The Government is unlikely to meet its surplus target this year as spending growth slows down.
Lower-than-expected tax revenues are putting pressure on the Government's projections at the same time as the European Union looks for even higher Exchequer surpluses.
The latest Exchequer figures show that growth in tax revenues continued to decelerate as consumers continued to cut back on expenditure.
In the year to May, tax revenues grew at only 7.4 per cent compared with 9.7 per cent in April and a Government target of 12.5 per cent for the year.
Excise duties in particular were very weak, down 10 per cent from last year. In March, following the dramatic impact on tourism and sport from foot-and-mouth disease, receipts were down 8 per cent but recovered slightly in April.
Yesterday's figures from the Department of Finance suggest that the revenue losses from foot-and-mouth will not be made up over the course of the year, despite anecdotal evidence that the tourism sector has made a full recovery, according to Dr Dan McLaughlin, chief economist at Bank of Ireland.

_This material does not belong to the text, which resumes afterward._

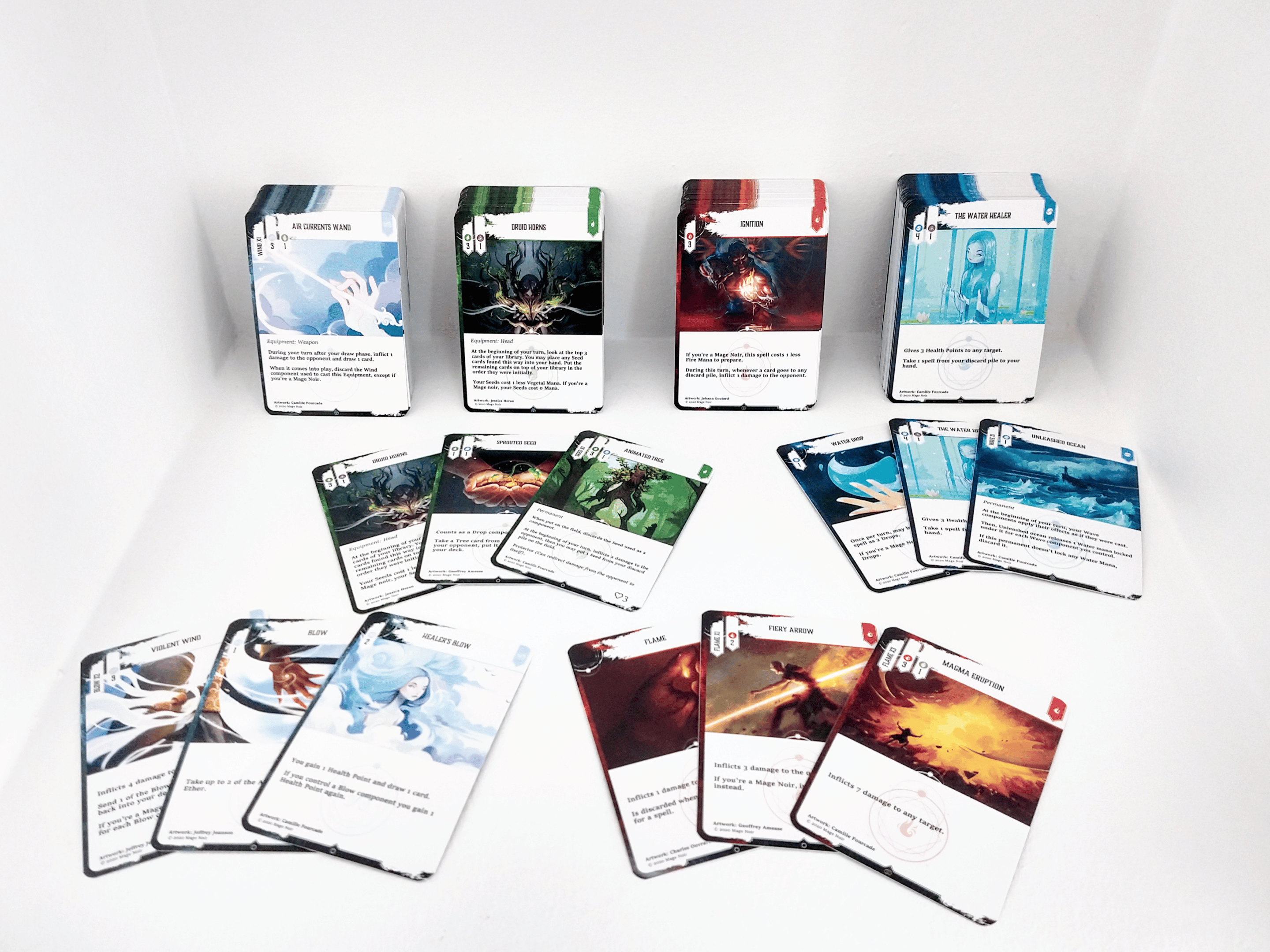 Il s’agit d’un jeu de deckbuilding où la préparation de votre paquet de cartes va vous prendre la majeure partie de votre temps de mise en place. Pour une première partie, le livret de règle vous donne les cartes pour la construction d’un deck de départ en fonction d’un élément (eau, terre, feu, air). Il est évidemment possible de mélanger les éléments, mais c’est recommandé de le faire après avoir pris en main le jeu (souvent, après la première partie, vous allez avoir envie de tester de nouvelles combinaisons.)

Lower car sales following the 00 frenzy of last year are also impacting on revenues.
Underlining the slowdown in spending, VAT receipts are down quite dramatically. VAT is growing at only 9 per cent compared with a target of 17 per cent. Other areas of taxation are growing in the direction of the target. Income tax in the first full month of tax cuts is up 9.2 per cent over the same period last year. The target for the year is 8.4 per cent.
Corporation tax is ahead of target, although the target was not ambitious at just under 11 per cent. In the first five months of the year, receipts are running 29 per cent ahead of last year. Payments are not uniform across the year and too much should not be read into these figures. Spending is also up but is still broadly in line with a target of 24 per cent for day-to-day spending for Government Departments. Debt service spending is below target but this depends hugely on when coupons fall due.
According to Dr McLaughlin the Government will not now be able to meet its target for a surplus of £2.5 billion (#3.17 billion). However, it does have £246 million from the sale of TSB, which was not included in the Budget-day arithmetic.
According to Dr McLaughlin this money would have gone into the pension fund in previous years. However, this year the Government may be tempted to use it to boost the surplus and pay off the national debt to assuage criticism from Brussels and demands from there for a higher surplus.